Aggressive response and action can avoid litigation. Consider this and other alternatives.

Litigation can achieve the desired result: Is the objective of the case obtainable by litigation? Will the cost, time, and effort of a lawsuit reach the objective defined at the beginning and agreed to by the company, insurer, and attorney?

If not? Institute early and immediate efforts to settle. Get the car repaired and be there with a check. Pay for the funeral and initiate engagement. Mediate pre-suit.

If the objective is realistically achievable without suit, why? Focus your efforts to settle. Settle before their expectations are inflamed and damages inflated by a billboard attorney.

Use decisive, overwhelming force with the intent of winning: In the words of Meek Mill, “Scared money don’t make no money.”

Be in it to win it. Don’t scrimp on costs disproportionate to the risk. And in today’s world of thermonuclear verdicts, you cannot be nonchalant on any claim.

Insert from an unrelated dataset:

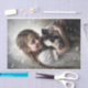 This cheerful decoupage tissue paper features a young girl embracing a happy piglet in a wildflower field, radiating innocence and rural charm. Perfect for farmhouse furniture projects, playful DIY crafts, or rustic nursery décor, this large-format tissue adds joy and personality to any creative surface.

The cost of surveillance is minimal compared with its persuasive impact in today’s “YouTube” society. Same with thorough investigations uncovering witnesses and videos.

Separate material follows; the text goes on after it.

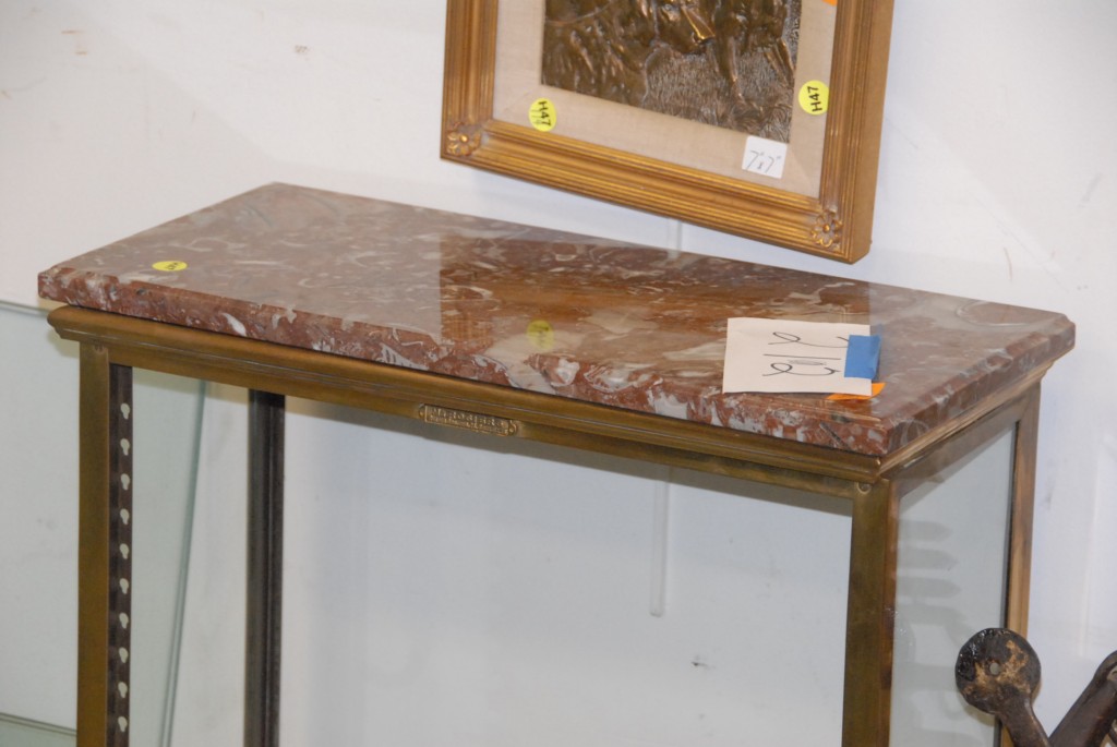 Brass and glass display cabinet with glass shelves and doors and marble top.

ATRI identified the failure by trucking defendants to engage experts as a major element in nuclear verdicts. The billboard lawyers aren’t pulling punches. Neither can we.

Witness preparation and focus group experts are similarly invaluable. Failing to do so can destroy a defensible case.

Failing to do so is kinda like taking a knife to a gunfight. Except, you don’t even have a knife.

Not all cases require you to go “full Navarone.” However, you cannot afford to be out-resourced in these cases.

Don’t commit without popular support: Support by all three players – company, insurer, and attorney. Same page. Same commitment.

The trucking companies are key players in today’s reality of deductibles and retention to slow-growing premiums. They have considerable skin in the game. They are crucial for commitment and ongoing communication.

Consequences have been thought out: Settlement v. verdict. What is the potential exposure to the insurer and, in today’s climate of potential excess verdicts, to the trucking company.

Bottom Line
Every claim is potentially explosive requiring thorough analysis and full commitment to defend. Start with analysis akin the Powell Doctrine and then follow the commitment you have made.